• _Task prompt_
Nothing in the records may be altered, and no picture may be included. Restate them in full.

[Stored data entries]
****************************************
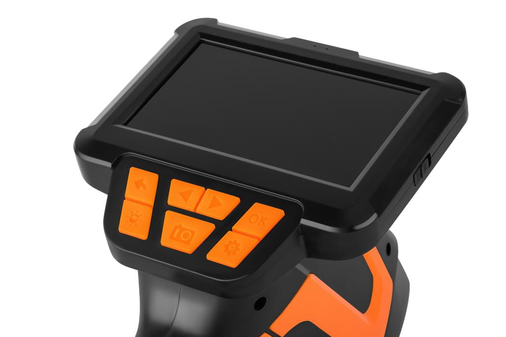 Wbudowany kolorowy wyświetlacz eliminuje potrzebę podłączania smartfona lub laptopa. Obraz z kamery wyświetlany jest w czasie rzeczywistym bezpośrednio na ekranie urządzenia, co przyspiesza pracę w terenie i ogranicza liczbę potrzebnego wyposażenia.
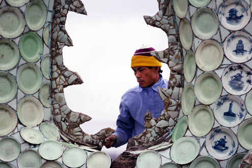 Đôi rồng gốm dài 35 mét, được làm từ 6.000 chiếc đĩa và hơn 4.000 chiếc cốc có nước men đặc biệt.
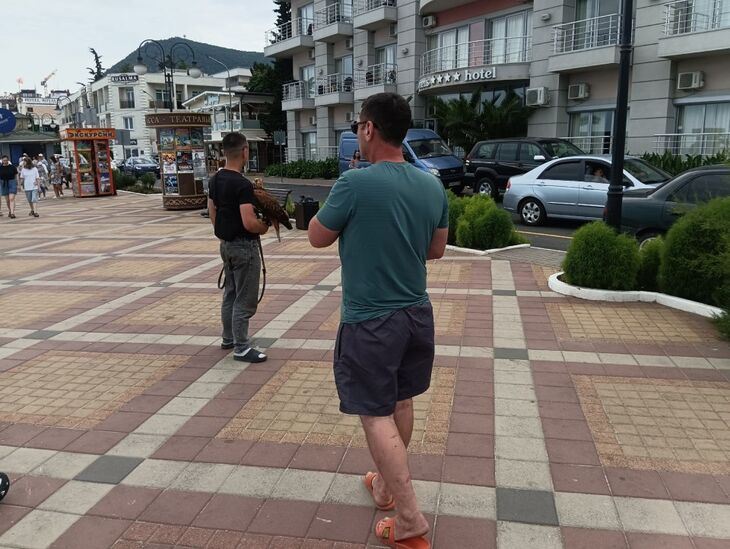 «В Рабочем уголке напротив отеля «Морской» трое мужчин, предположительно кавказской национальности, предлагали сфотографироваться с орлами. На мою фразу, что это незаконно, начали вести себя агрессивно, кричать и толкаться. Вопрос к администрации города, проводятся муниципальным контролем рейды на предмет выявления подобных деятелей?», — написал очевидец в соцсетях.
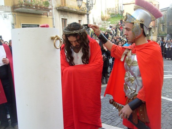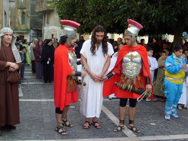 Una splendida passione di Cristo in costume d’epoca quella appena trascorsa organizzata dal parroco don Giovanni Napolitano e dalla Misericordia in collaborazione con il comune di Cirò, una delle più belle e partecipata degli ultimi anni. C’era tutta Cirò ma anche dei paesi limitrofi a quella che è diventato l’appuntamento storico religioso dell’anno. Anche il sindaco ha riferito che inserirà nelle manifestazioni storiche del paese anche la passione in abiti d’epoca. Una organizzazione quest’anno curata nei minimi particolare grazie al parroco Don Giovanni Napolitano e alla Misericordia si Cirò. Dino Sollai ha interpretato magistralmente Gesù, portando la croce per le vie dell’antico borgo in una atmosfera suggestiva, infine la crocifissione, in una gremita piazza Pugliese in un religioso silenzio, si è conclusa. Questi i personaggi che hanno interpretato la passione di Cristo: Gesù: Dino Sollai; Ladroni: Pasquale Capalbo, Vincenzo Stasi; Apostoli: Giuseppe Naccari, Antonio Bombardiere, Andrea Cidone, Luigi Aggiorno, Luigi Malena, Francesco Malena, Nicodemo Blefari, Alfredo Longobucco, Vincenzo Secreto, Giuseppe De Pasquale, Davide Critelli.Tre Marie: Lina Tassone, Miriana Rizzo, Rossella Santoro. Pie Donne; Rosetta Funaro, Franca Paone, Carmelina Errico, Emilia Errico, Tiziana Filippelli. La veronica: Francesca De Fine. Pie della veronica: Lucia Vasamì, Finisia Grillo. Pilato: Lillo Stasi Moglie Pilato: Antonella Sestito. Ancelle Pilato: Giusy Rizzo, Vittoria Arcovio. Dame moglie Pilato: Mariangela Bruno, Maria Chiara Paletta SPQR: Gaetano Morelli, Francesco Vasamì. Erode: Gianni Stasi; Erodiade: Maria Lettieri; Dame erodiade: Maria Chiara Cidone, Elisa Capalbo. Centurione: Ernesto Zumpano. Palio del lutto: Alfonso Morelli;Barabba Gianluca Arcuri. Giuda: Salvatore Naccari; Cireneo: Giuseppe Spataro.
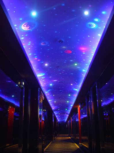 這時候打開紫光燈,奇跡出現(xiàn)了——原來的白墻上,出現(xiàn)了繽紛絢爛的瑰麗光影。
****************************************
• _Task output_
 Wbudowany kolorowy wyświetlacz eliminuje potrzebę podłączania smartfona lub laptopa. Obraz z kamery wyświetlany jest w czasie rzeczywistym bezpośrednio na ekranie urządzenia, co przyspiesza pracę w terenie i ogranicza liczbę potrzebnego wyposażenia.
 Đôi rồng gốm dài 35 mét, được làm từ 6.000 chiếc đĩa và hơn 4.000 chiếc cốc có nước men đặc biệt.
 «В Рабочем уголке напротив отеля «Морской» трое мужчин, предположительно кавказской национальности, предлагали сфотографироваться с орлами. На мою фразу, что это незаконно, начали вести себя агрессивно, кричать и толкаться. Вопрос к администрации города, проводятся муниципальным контролем рейды на предмет выявления подобных деятелей?», — написал очевидец в соцсетях.
 Una splendida passione di Cristo in costume d’epoca quella appena trascorsa organizzata dal parroco don Giovanni Napolitano e dalla Misericordia in collaborazione con il comune di Cirò, una delle più belle e partecipata degli ultimi anni. C’era tutta Cirò ma anche dei paesi limitrofi a quella che è diventato l’appuntamento storico religioso dell’anno. Anche il sindaco ha riferito che inserirà nelle manifestazioni storiche del paese anche la passione in abiti d’epoca. Una organizzazione quest’anno curata nei minimi particolare grazie al parroco Don Giovanni Napolitano e alla Misericordia si Cirò. Dino Sollai ha interpretato magistralmente Gesù, portando la croce per le vie dell’antico borgo in una atmosfera suggestiva, infine la crocifissione, in una gremita piazza Pugliese in un religioso silenzio, si è conclusa. Questi i personaggi che hanno interpretato la passione di Cristo: Gesù: Dino Sollai; Ladroni: Pasquale Capalbo, Vincenzo Stasi; Apostoli: Giuseppe Naccari, Antonio Bombardiere, Andrea Cidone, Luigi Aggiorno, Luigi Malena, Francesco Malena, Nicodemo Blefari, Alfredo Longobucco, Vincenzo Secreto, Giuseppe De Pasquale, Davide Critelli.Tre Marie: Lina Tassone, Miriana Rizzo, Rossella Santoro. Pie Donne; Rosetta Funaro, Franca Paone, Carmelina Errico, Emilia Errico, Tiziana Filippelli. La veronica: Francesca De Fine. Pie della veronica: Lucia Vasamì, Finisia Grillo. Pilato: Lillo Stasi Moglie Pilato: Antonella Sestito. Ancelle Pilato: Giusy Rizzo, Vittoria Arcovio. Dame moglie Pilato: Mariangela Bruno, Maria Chiara Paletta SPQR: Gaetano Morelli, Francesco Vasamì. Erode: Gianni Stasi; Erodiade: Maria Lettieri; Dame erodiade: Maria Chiara Cidone, Elisa Capalbo. Centurione: Ernesto Zumpano. Palio del lutto: Alfonso Morelli;Barabba Gianluca Arcuri. Giuda: Salvatore Naccari; Cireneo: Giuseppe Spataro.
 這時候打開紫光燈,奇跡出現(xiàn)了——原來的白墻上,出現(xiàn)了繽紛絢爛的瑰麗光影。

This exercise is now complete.